REQUIRED ACTION:
Beginning with the line that has "Dans le domaine" and ending with the line that has "表3-1 珠三角各市居民家庭基本情况(2020年) 单位:元", retype the entries below exactly, except for the pictures.

(DATASET ENTRIES)

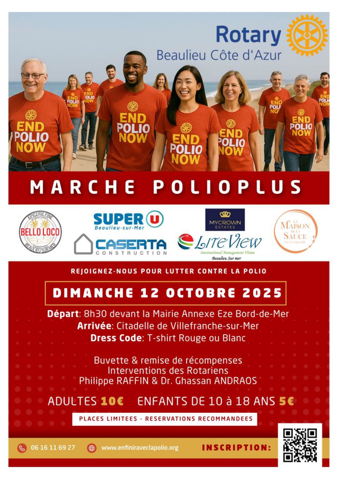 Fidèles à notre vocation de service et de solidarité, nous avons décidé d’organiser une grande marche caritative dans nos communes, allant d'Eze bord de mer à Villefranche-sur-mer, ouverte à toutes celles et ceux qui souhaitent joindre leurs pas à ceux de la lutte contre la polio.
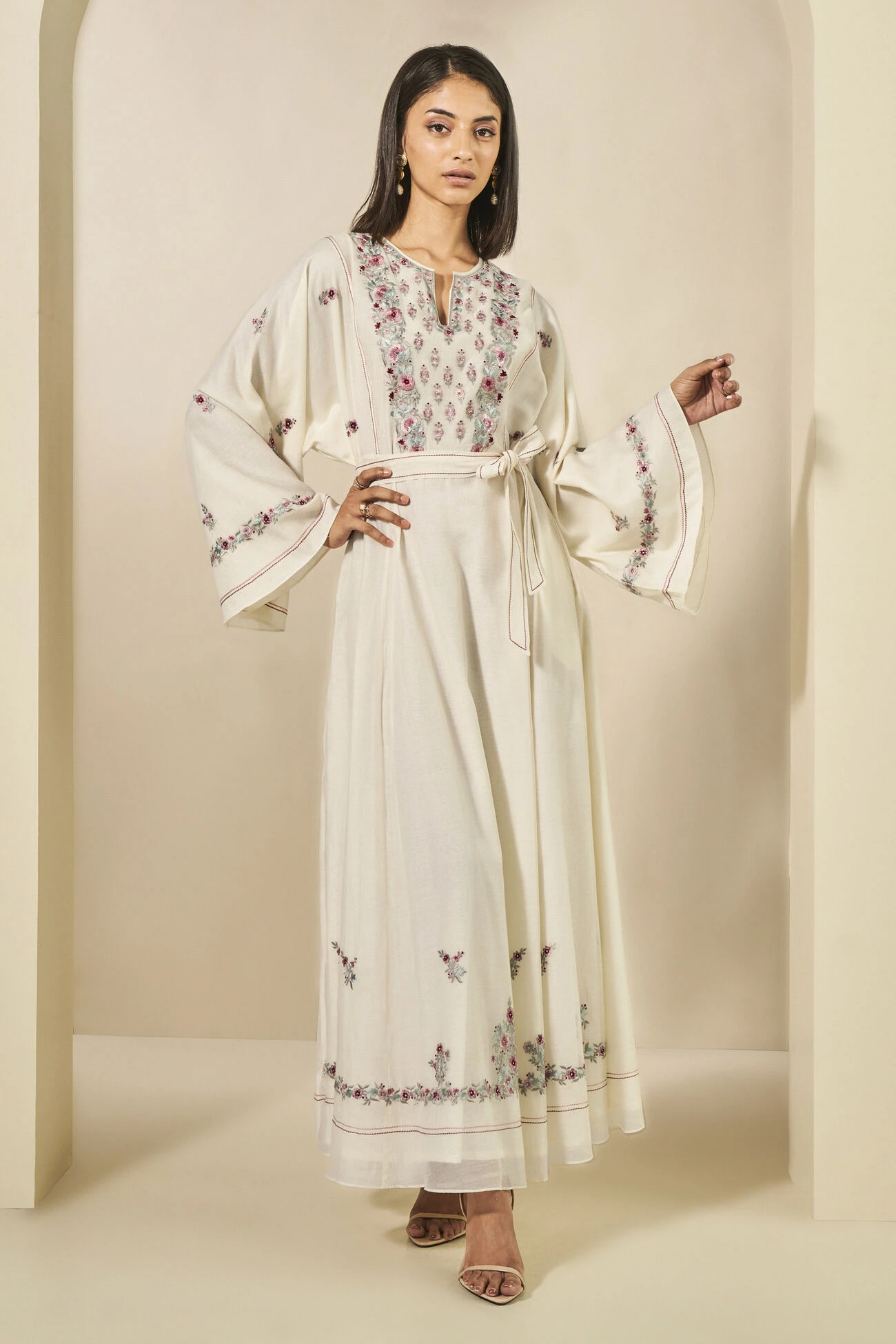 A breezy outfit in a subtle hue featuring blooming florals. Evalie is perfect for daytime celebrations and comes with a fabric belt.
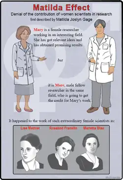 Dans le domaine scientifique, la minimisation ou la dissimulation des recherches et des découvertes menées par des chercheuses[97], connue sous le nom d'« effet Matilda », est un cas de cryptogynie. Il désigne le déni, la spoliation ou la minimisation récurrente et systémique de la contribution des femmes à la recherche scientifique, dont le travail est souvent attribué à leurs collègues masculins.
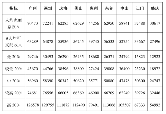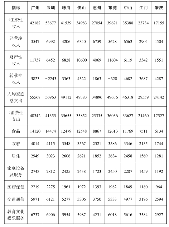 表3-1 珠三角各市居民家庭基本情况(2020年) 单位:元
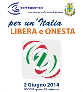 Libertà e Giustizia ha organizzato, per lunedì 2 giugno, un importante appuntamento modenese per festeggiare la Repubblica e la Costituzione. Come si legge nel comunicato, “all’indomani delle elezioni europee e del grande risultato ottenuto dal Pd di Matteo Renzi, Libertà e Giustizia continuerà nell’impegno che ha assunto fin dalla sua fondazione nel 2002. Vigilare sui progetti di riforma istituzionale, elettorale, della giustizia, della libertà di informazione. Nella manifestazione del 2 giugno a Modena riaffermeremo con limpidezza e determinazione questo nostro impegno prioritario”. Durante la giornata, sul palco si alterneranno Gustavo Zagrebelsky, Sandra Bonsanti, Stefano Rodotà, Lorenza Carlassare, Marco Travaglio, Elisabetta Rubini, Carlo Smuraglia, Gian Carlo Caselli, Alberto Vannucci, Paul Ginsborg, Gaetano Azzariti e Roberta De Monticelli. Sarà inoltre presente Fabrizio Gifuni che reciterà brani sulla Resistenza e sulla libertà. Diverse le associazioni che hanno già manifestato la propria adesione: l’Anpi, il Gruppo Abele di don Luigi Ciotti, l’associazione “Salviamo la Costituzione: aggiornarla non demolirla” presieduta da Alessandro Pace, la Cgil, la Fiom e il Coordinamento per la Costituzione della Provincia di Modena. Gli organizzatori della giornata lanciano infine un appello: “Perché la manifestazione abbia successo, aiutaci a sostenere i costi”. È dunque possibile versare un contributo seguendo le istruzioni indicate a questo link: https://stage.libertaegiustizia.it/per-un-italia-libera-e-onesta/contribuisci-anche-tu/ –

(End DATASET ENTRIES)
(DATASET ENTRIES)

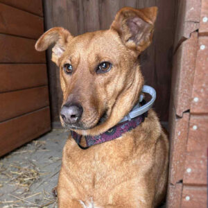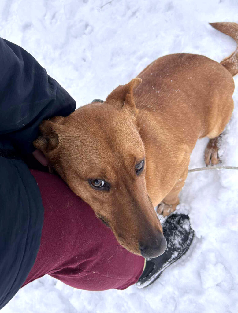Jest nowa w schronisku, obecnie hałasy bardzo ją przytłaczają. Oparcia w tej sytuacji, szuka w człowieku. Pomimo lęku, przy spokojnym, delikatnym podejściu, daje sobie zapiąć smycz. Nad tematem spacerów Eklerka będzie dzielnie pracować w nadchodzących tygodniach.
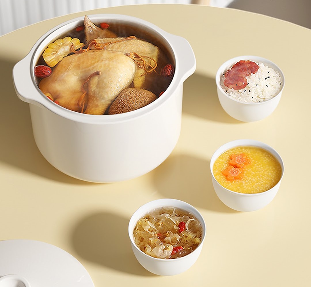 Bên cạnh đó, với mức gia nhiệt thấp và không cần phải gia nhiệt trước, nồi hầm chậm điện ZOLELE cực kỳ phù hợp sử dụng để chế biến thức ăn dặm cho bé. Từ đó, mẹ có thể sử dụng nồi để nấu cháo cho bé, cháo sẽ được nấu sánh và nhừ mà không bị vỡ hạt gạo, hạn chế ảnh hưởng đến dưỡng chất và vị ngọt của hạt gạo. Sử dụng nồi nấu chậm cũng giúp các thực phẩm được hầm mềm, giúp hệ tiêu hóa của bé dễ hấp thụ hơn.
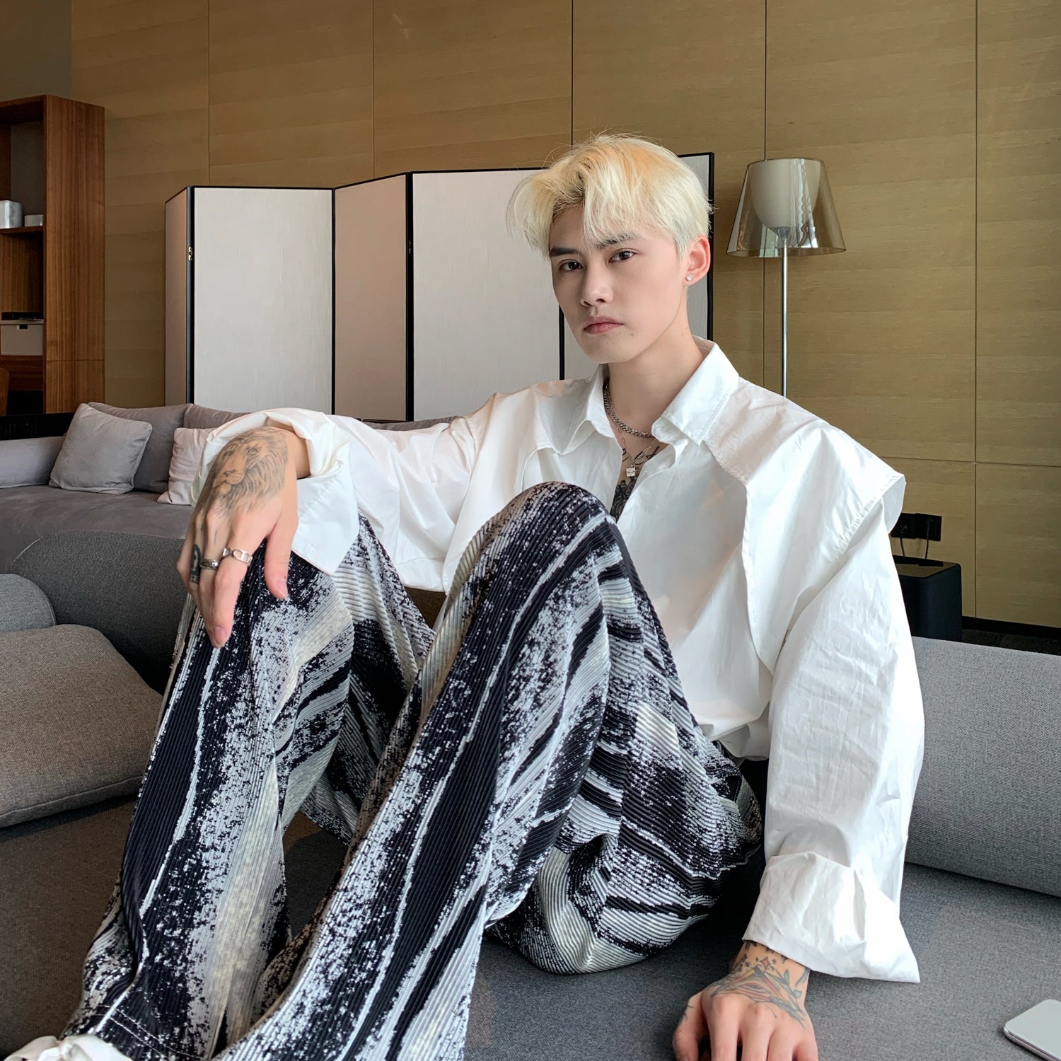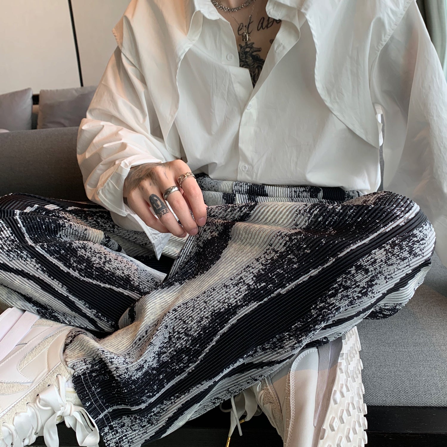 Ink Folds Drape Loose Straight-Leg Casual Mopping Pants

(End DATASET ENTRIES)
(DATASET ENTRIES)

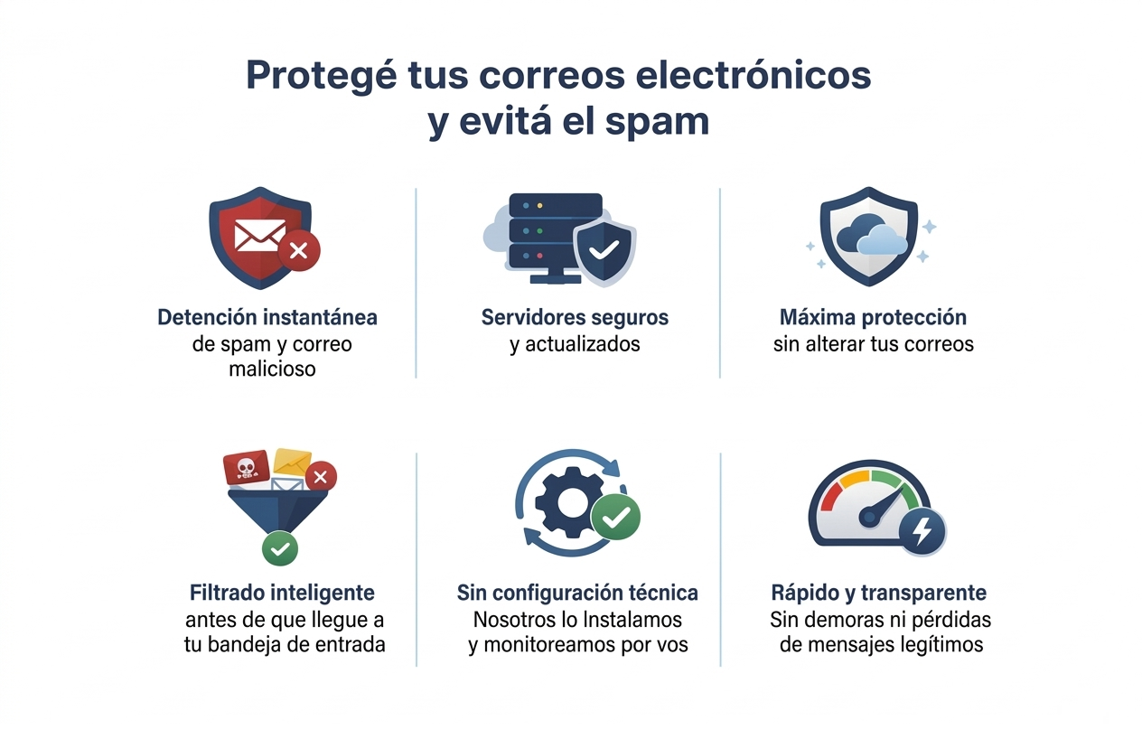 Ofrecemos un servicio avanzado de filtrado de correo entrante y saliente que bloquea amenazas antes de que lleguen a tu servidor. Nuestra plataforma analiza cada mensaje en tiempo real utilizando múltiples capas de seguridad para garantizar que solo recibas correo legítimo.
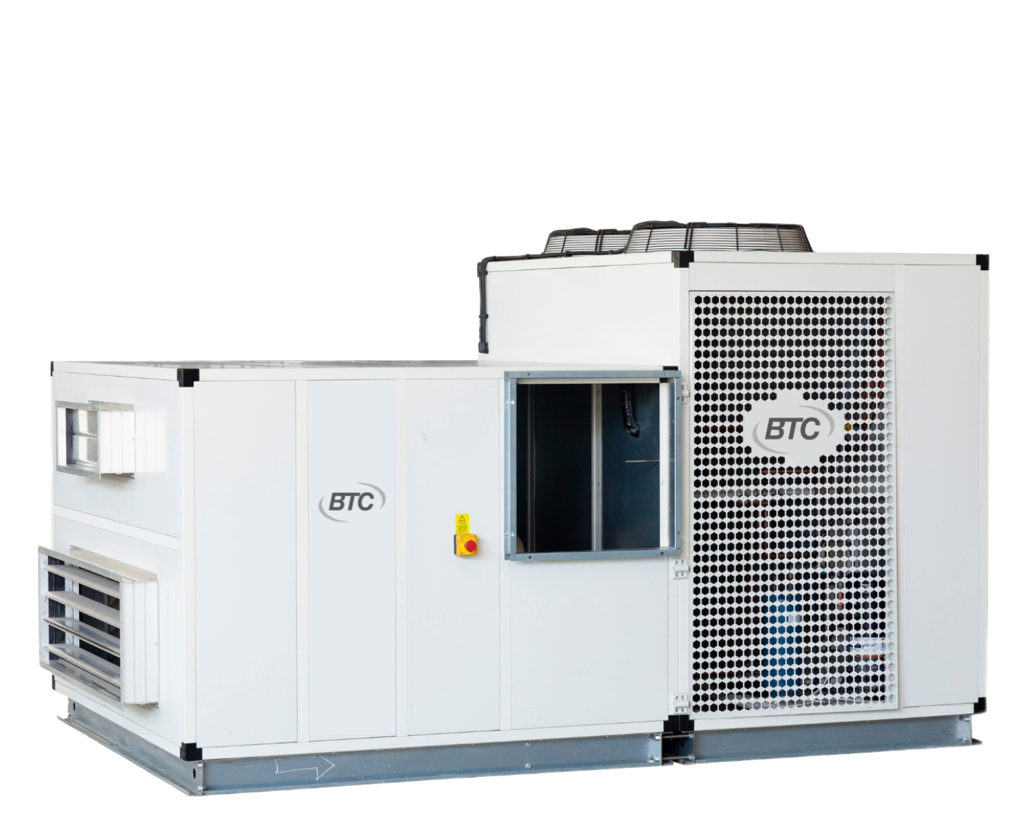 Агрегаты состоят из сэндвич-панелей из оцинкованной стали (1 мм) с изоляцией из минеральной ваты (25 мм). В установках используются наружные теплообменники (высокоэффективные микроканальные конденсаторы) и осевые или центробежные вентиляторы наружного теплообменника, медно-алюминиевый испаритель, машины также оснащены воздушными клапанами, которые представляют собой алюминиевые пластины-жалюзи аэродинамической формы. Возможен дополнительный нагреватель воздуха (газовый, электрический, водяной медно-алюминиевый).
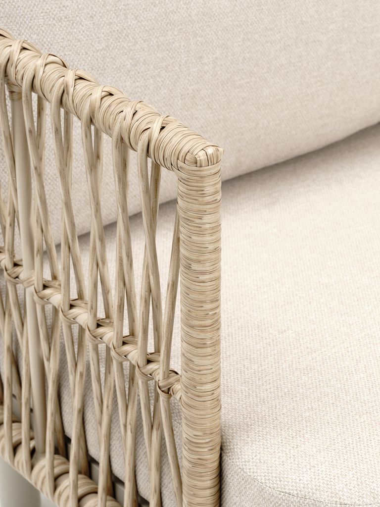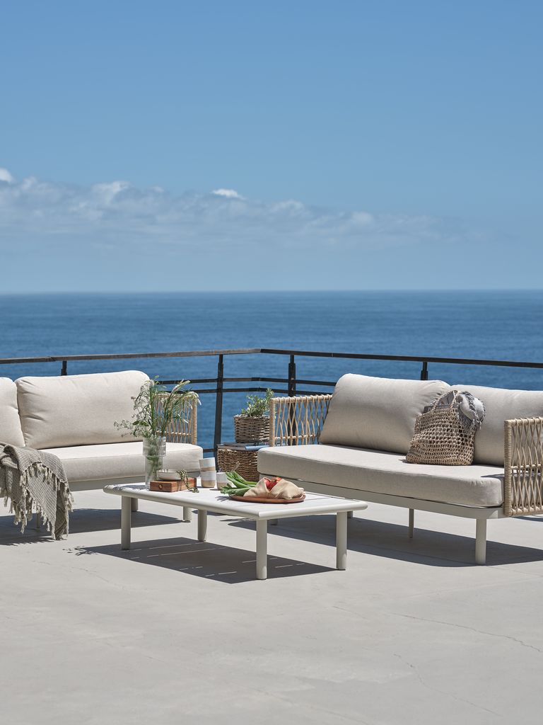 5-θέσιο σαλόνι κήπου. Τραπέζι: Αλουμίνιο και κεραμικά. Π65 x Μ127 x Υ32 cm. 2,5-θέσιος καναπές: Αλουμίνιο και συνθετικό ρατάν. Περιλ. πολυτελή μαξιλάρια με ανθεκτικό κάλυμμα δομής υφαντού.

(End DATASET ENTRIES)

REPLY:
 Dans le domaine scientifique, la minimisation ou la dissimulation des recherches et des découvertes menées par des chercheuses[97], connue sous le nom d'« effet Matilda », est un cas de cryptogynie. Il désigne le déni, la spoliation ou la minimisation récurrente et systémique de la contribution des femmes à la recherche scientifique, dont le travail est souvent attribué à leurs collègues masculins.
 表3-1 珠三角各市居民家庭基本情况(2020年) 单位:元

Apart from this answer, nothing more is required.